Content starts

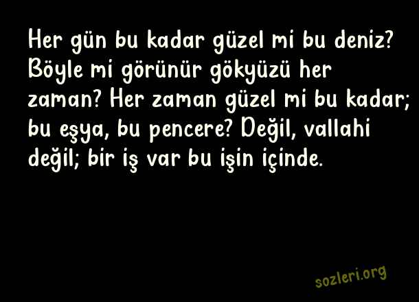 Her gün bu kadar güzel mi bu deniz? Böyle mi görünür gökyüzü her zaman? Her zaman güzel mi bu kadar; bu eşya, bu pencere? Değil, vallahi değil; bir iş var bu işin içinde. ( Orhan Veli Kanık )
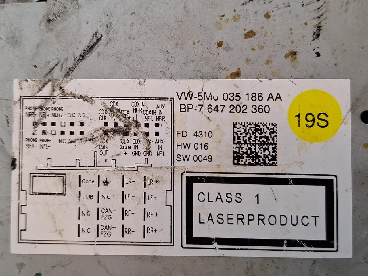| Номер запчасти | 5M0035186AA, 7647202360 |
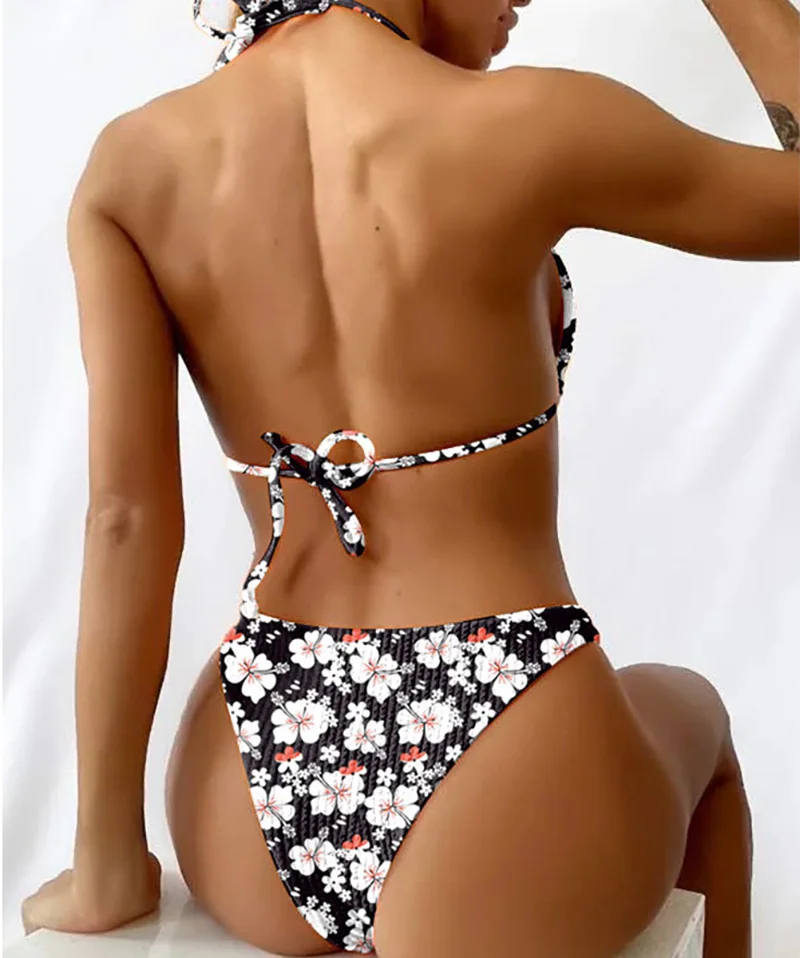 Сексуальный купальник с лямкой на шее, цветочный принт, Женский ком...
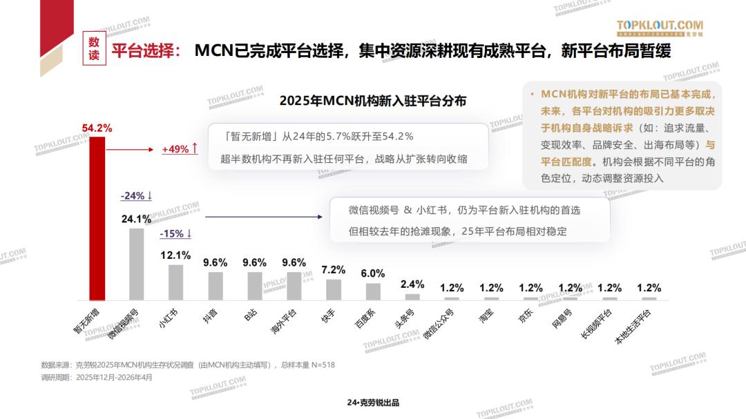 54.2%:超半数机构在2025年没有新入驻任何平台。而在一年前,这个数字仅为5.7%。从“到处占坑”到“精耕现有阵地”,行业的战略逻辑完成了180度转向。
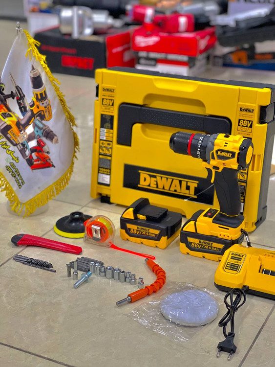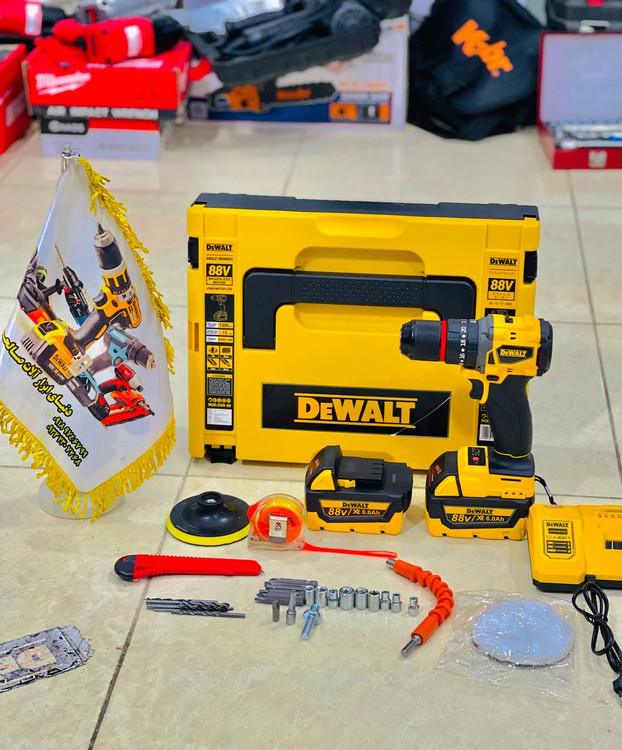 دریل شارژی 88 ولت پولیش دار دیوالت سه نظام فلزی موتور براشلس مدل DEWALT MOD.DXR-09

Content ends

**WHAT TO DO**
Repeat exactly and only the lines from the one holding "Сексуальный купальник с" through the final line of the entries; no pictures.

**SOLUTION FOR THIS EXERCISE**
 Сексуальный купальник с лямкой на шее, цветочный принт, Женский ком...
 54.2%:超半数机构在2025年没有新入驻任何平台。而在一年前,这个数字仅为5.7%。从“到处占坑”到“精耕现有阵地”,行业的战略逻辑完成了180度转向。
 دریل شارژی 88 ولت پولیش دار دیوالت سه نظام فلزی موتور براشلس مدل DEWALT MOD.DXR-09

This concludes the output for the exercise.